Елизавета Лихачева
Ксения Басилашвили

«Очевидно, что я неудобна. Со мной тяжело работать» — искусствовед Елизавета Лихачева

15 мин. на чтение

На вопрос «Как вас сейчас представить?» Елизавета Лихачева ответила кратко: «Искусствовед». Позади шесть лет директором Музея архитектуры, музеефикация дома Мельникова, год и девять месяцев у руля Музея изобразительных искусств имени Пушкина. Работы достаточно и сегодня. Мы с трудом нашли время для разговора в ее плотном деловом графике.

Вы согласились на интервью по теме сохранения советского модернизма в Москве. Но читатели не простят, если я не задам вам несколько вопросов как бывшему директору Пушкинского музея.

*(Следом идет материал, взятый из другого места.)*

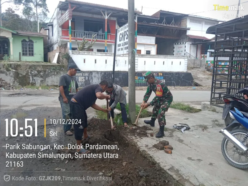 Selasa, 9 Desember 2024 – Dalam upaya mendukung program Badan Usaha Milik Nagari (BUMNag) untuk meningkatkan pelayanan kepada masyarakat, Babinsa Koramil 15/Dolok Pardamean Kodim 0207/Simalngun Serda B. Malau, turut serta dalam kegiatan pemasangan pipa air bersih di Nagori Parik Sabungan Kecamatann Dolok Pardamean kabupaten Simalungun. Kegiatan ini bertujuan untuk mempermudah akses air bersih bagi warga yang sebelumnya kesulitan memperoleh pasokan air yang memadai.

Вы были назначены на должность директора ГМИИ в марте 2023 года, а уже в середине января 2025-го ушли из музея. Эта страница закрылась для вас?

До конца Пушкинский музей не закроется никогда, я же в Москве живу. Для человека моей профессии и места жительства эта страница открывается в раннем детстве. В моем случае — еще до моего рождения, потому что мама ходила в Пушкинский музей регулярно, в том числе когда была мной беременна.

Вы говорите об этом так просто и легко, но все развивалось стремительно. Много планов впереди, и вдруг вас увольняют. Со стороны это выглядело очень неожиданно.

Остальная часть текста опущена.